That leads us to another bothersome quirk: There are no filters whatsoever for the workouts, nor any actual information. This is also something that's still in development but for now, classes list by date of addition. New workouts upload every week, leaving plenty to scroll through.

Additionally, your stats only appear while punching, at which point, you won't be looking at your device. Once a song finishes, you do have the option to hit View Stats but it hasn't worked any time I've tried. Overall stats are viewable when you're done but not for each individual song. Lastly, you can't save your Punch Tracks playlist, so you need to rebuild it each time.

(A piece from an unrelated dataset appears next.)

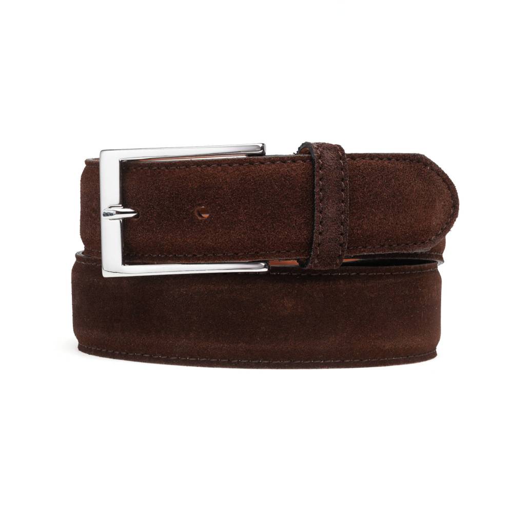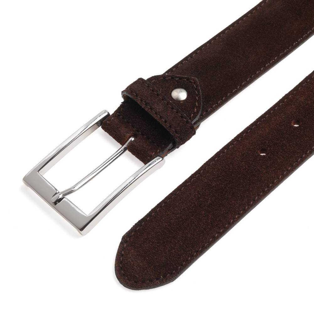 Классический мужской ремень испанского бренда Berwick из приятной на ощупь промасленной замши коричневого цвета. Модель имеет традиционную прямоугольную пряжку из никелированной латуни. К ремню прилагается фирменная коробка.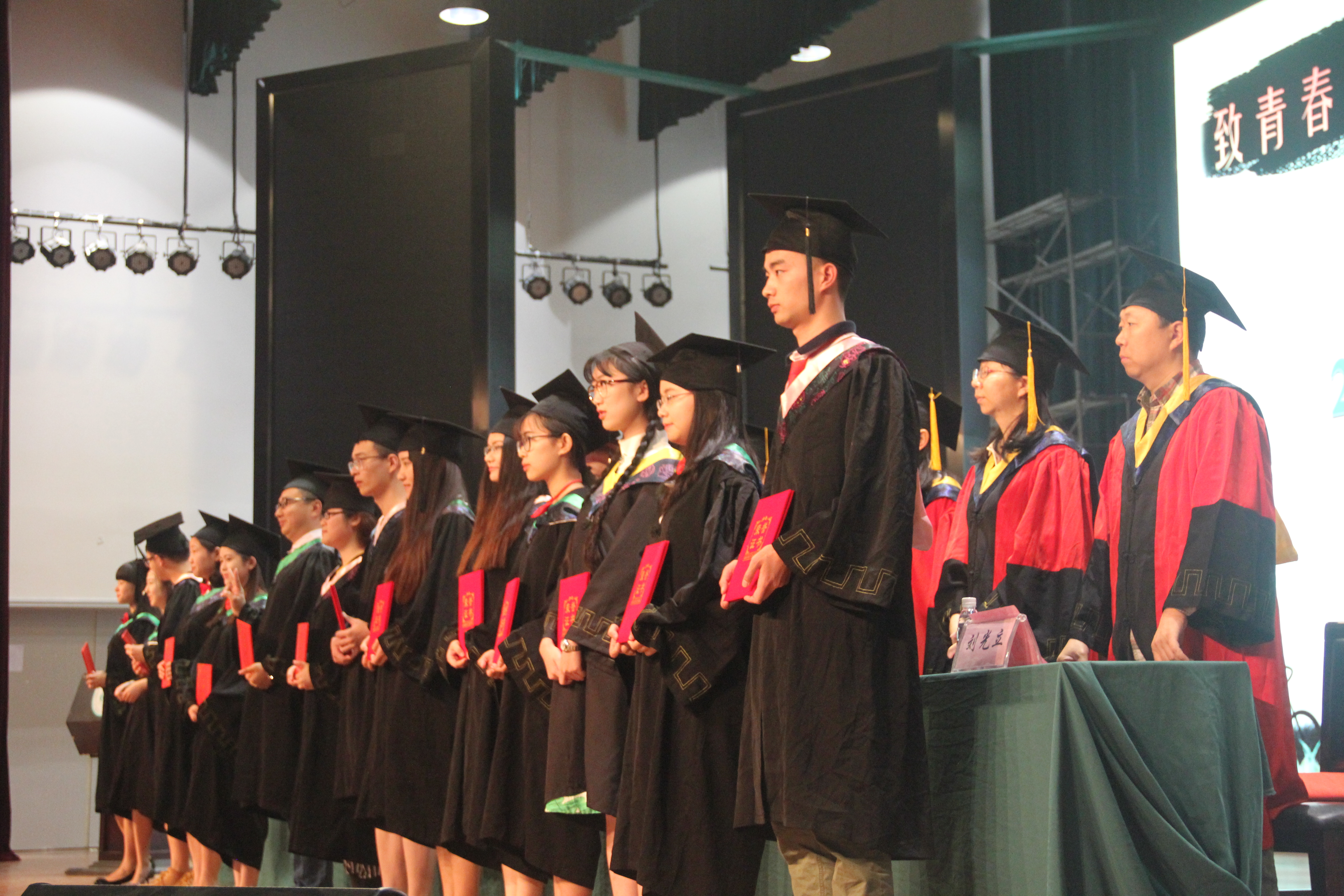 紧接着,陈中桂副书记宣读各专业授位学生名单。身穿学士服,头戴学士帽的700多名同学依次走上授位席接受授位,并与授位老师深情相拥 。

There are physical limitations as well

a person posing for the camera: Su-Jit Lin/Insider © Su-Jit Lin/Insider Su-Jit Lin/Insider

I didn't like that the variety of punches were limited to mostly high and low straight jabs and crosses with very few incorporations of uppercuts and no hooks. Hook punches are among the most taxing strikes but just aren't possible with a flat shield. You can't practice your roundhouse, either, as it's not designed for kicking.

I also found I was unable to work out with the Liteboxer with any kind of regularity. Although I loved the well-cushioned gloves that came with it, they chafed my knuckles significantly. I lost a sizeable amount of knuckle skin within 30 minutes of work and it took days to heal enough to come back. It does come with wrist wraps but I'm not sure how they'd fit inside the gloves due to an open-palm design. At nearly $1,500 plus monthly fees, it feels like a waste if you can't use this as your daily workout.

Should you buy it?

Depends. Do you have $1,495 to invest into your initial start-up, plus $29 a month for premium access to the app? Will you mind that it's just boxing and not kickboxing, or that you can't perfect your hook?

This piece of equipment is fun and novel in much the same way DDR is in an arcade, but whether you have the budget and will actually use it frequently enough to make it worth the money is a personal call. It's a fantastic highlight for a gym with other toys to play with but as your sole workout, not so much - especially since your hands likely can't take the daily beating.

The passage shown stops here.